Less is enough (Be my guest II)

Frans Klerkx — Alexandra Roozen — Ine Vermee

Alexandra Roozen, Two Tone (large), 160x120 cm, pencil on paper, 2022 (detail)

In September, Stijn Coppejans will once again open his gallery to an external curator. With the annual 'Be my guest' initiative, Coppejans Gallery seeks to broaden its outlook and gain insight into how others view the gallery and its potential.

After a first successful edition in 2022 with art collective FAAR, it is now Manuela Klerkx's turn. She selected three artists who she believes fit perfectly into the gallery's operation. Indeed, the choice fell on three inquisitive artists from three generations, each with an exciting body of work that bears visible and invisible links to current movements and art history.



Less is enough

curator: Manuela Klerkx

The motto 'Less is more' comes from the beautiful poem 'The Faultless Painter' by English poet Robert Browning (1812-1889) from 1855 and was adopted in 1947 by German-American architect and furniture designer Ludwig Mies van der Rohe (1886-1969) to illustrate his modernist view that form and structure in disciplines such as architecture and design should be reduced to a minimum because simplicity and minimalism would be more effective and aesthetic than excess.

With the emergence of Postmodernism in the late 1960s, this rational, formal approach to visual art and architecture faced increasing criticism and had to make way for a more emotional and less 'elevated' approach with room for complexity, colour, irony and imagination. American architect Robert Charles Venturi (1925-2018) capitalised on this vision, which asserted itself not only in the visual arts and architecture, but also in philosophy and music, with his 1966 statement 'Less is a Bore'.

Now to the artists Frans Klerkx (Mill, 1932), Alexandra Roozen (Purmerend, 1971) and Ine Vermee (Tilburg, 1954) whose work has been brought together in this exhibition for the first time.

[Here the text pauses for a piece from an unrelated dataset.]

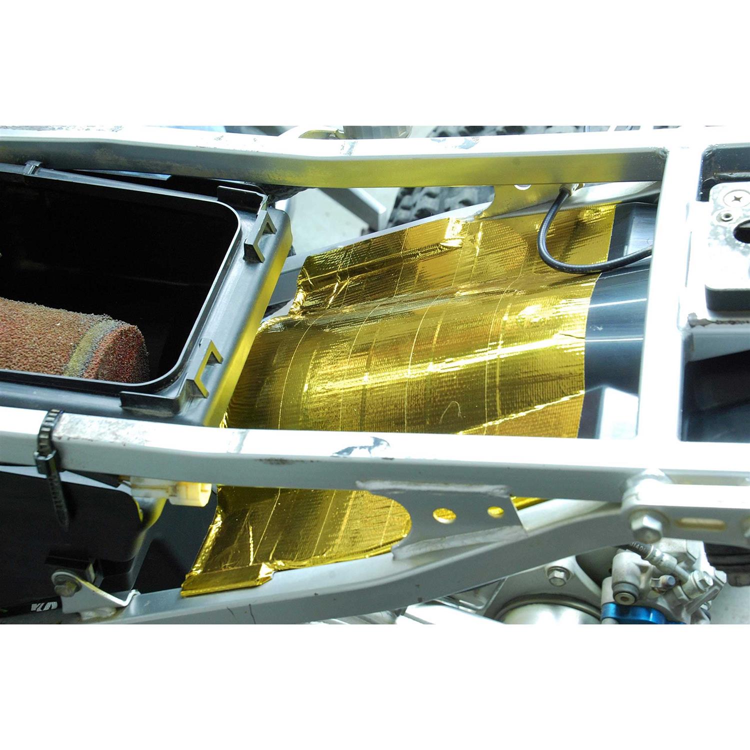 DEI Reflect-A-GOLD is a metalized polyamide polymer laminated glass cloth with a high temperature pressure sensitive adhesive for use in extreme temperature swing environments. It is lightweight and easy to apply and remove. A highly effective material for firewalls, fuel cells, engine covers, under hoods, engine compartment, bulk heads, seat bottoms – anything or area that needs protection from heat. Available in adhesive backed rolls or sheets.

And not because their work would fall under the category 'Less is more' or 'Less is a bore'. On the contrary. Their art has nothing to do with the hard-edged minimalism of modernism or the eclectic art of the postmodern era. The title 'Less is enough' is also not meant to define a new movement but to denote the work of a number of artists for whom a little less is enough to make penetrating, idiosyncratic work that is neither rigid nor boring, but bends with the surprising and unexpected moments and obstacles they may face. Nothing more and nothing less.

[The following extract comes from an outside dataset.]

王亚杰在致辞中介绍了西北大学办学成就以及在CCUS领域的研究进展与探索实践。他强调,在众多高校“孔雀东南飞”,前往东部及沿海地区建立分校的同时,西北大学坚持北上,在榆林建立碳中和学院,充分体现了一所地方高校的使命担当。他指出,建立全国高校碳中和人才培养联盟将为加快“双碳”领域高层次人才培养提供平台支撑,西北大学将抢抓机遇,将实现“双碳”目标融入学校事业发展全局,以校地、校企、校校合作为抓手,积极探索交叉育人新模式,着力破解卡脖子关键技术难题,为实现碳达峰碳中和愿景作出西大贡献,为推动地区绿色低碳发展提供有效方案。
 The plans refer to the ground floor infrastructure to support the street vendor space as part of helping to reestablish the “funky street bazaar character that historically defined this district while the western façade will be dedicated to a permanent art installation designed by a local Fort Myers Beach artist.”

One could say that Roozen's pencil drawings are the result of a 'tracking' of all the sensory (including auditory), physical and machine aspects of drawing with graphite pencil; that Klerkx's paper, geometric folds result from a highly refined play between the maker and a sheet of paper, a pair of scissors and a pencil and that Vermee investigates the influence of different techniques (such as lacquer, enamel, textile and inkjet) on the effect of white colours, with regard to surface, texture, light and colour effects. Not the illusion of an image but the reality of making is what these artists share. To that extent, their approach echoes that of American painter Robert Ryman (1930-2019) who said: 'The question is not what to paint, but how to paint.'

What is striking when seeing the work of these artists is that every movement, every inch and every choice seems to matter. The action may well be grand, the image may well be playful and the surface may shine as long as the work advances on it, if not, less will do. Not from the dictates of a preconceived plan or theory but from the process itself, based on the question of what the work needs to manifest itself in its essence/being.

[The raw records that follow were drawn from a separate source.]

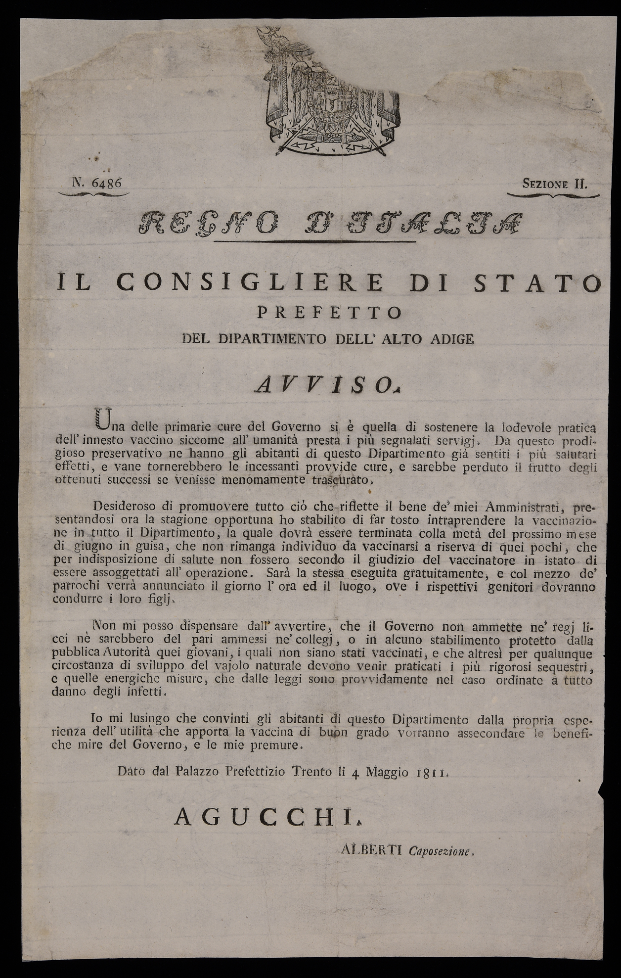 | Regno d'Italia. Il consigliere di Stato, prefetto del Dipartimento dell'Alto Adige. Avviso |
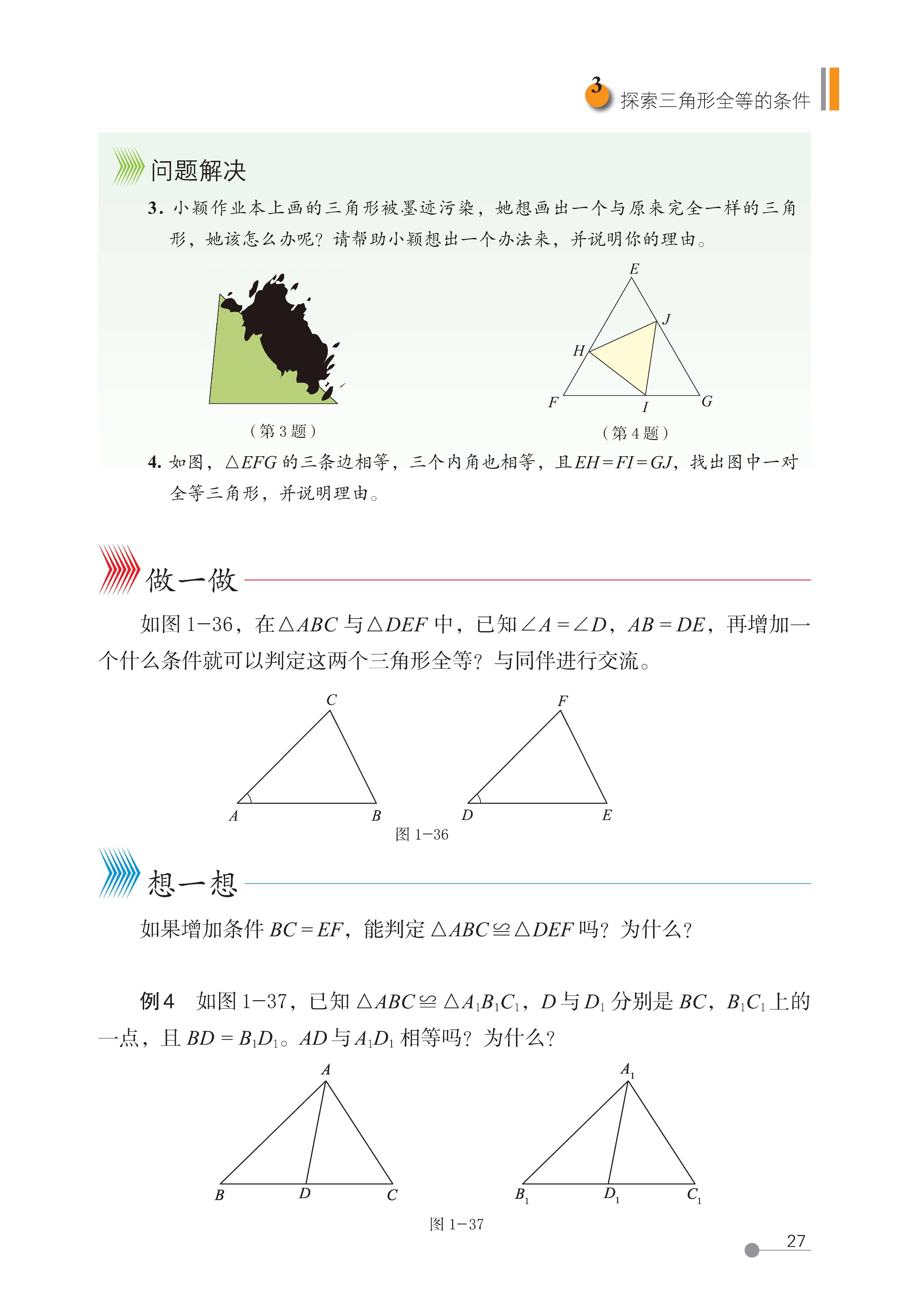 三、第 3 节:探索三角形全等的条件(重中之重)
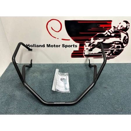 Deze Hepco&Becker valbeugel is speciaal ontworpen om de voorzijde van de motor te beschermen bij omvallen of een schuivertje. Denk hierbij aan de koplamp, stuur en hendels.
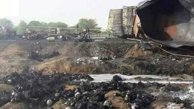 وقال المسؤول في السلطات المحلية رانا محمد سليم افضل للتلفزيون الحكومي إن “123 شخصا على الاقل قتلوا وجرح اكثر من مئة آخرين في حريق اندلع عندما انقلبت شاحنة صهريج وهرع الضحايا لجمع النفط” من الطريق.

The highly coherent combination of idea and execution of their research, which has been ongoing for over twenty-five years, is so unique that one cannot help but realise that these artists have thought endlessly about the how and why of their actions and their consequences. Monumentality and intimacy, the static and the dynamic, the rational and the sensitive, the hard and the soft merge effortlessly in their work. As a viewer, you feel that a spiritual and artisanal battle has been fought between man and matter. Therefore, the recipient does not have to make an effort to decipher the work of art; the artist, in his/her quest for artistic and spiritual enrichment, has already done that for him/her long before, by penetrating so deeply to the core of his/her idea, feelings, medium and technique that only the essence is enough to amaze himself/herself and the viewer. Because less is enough.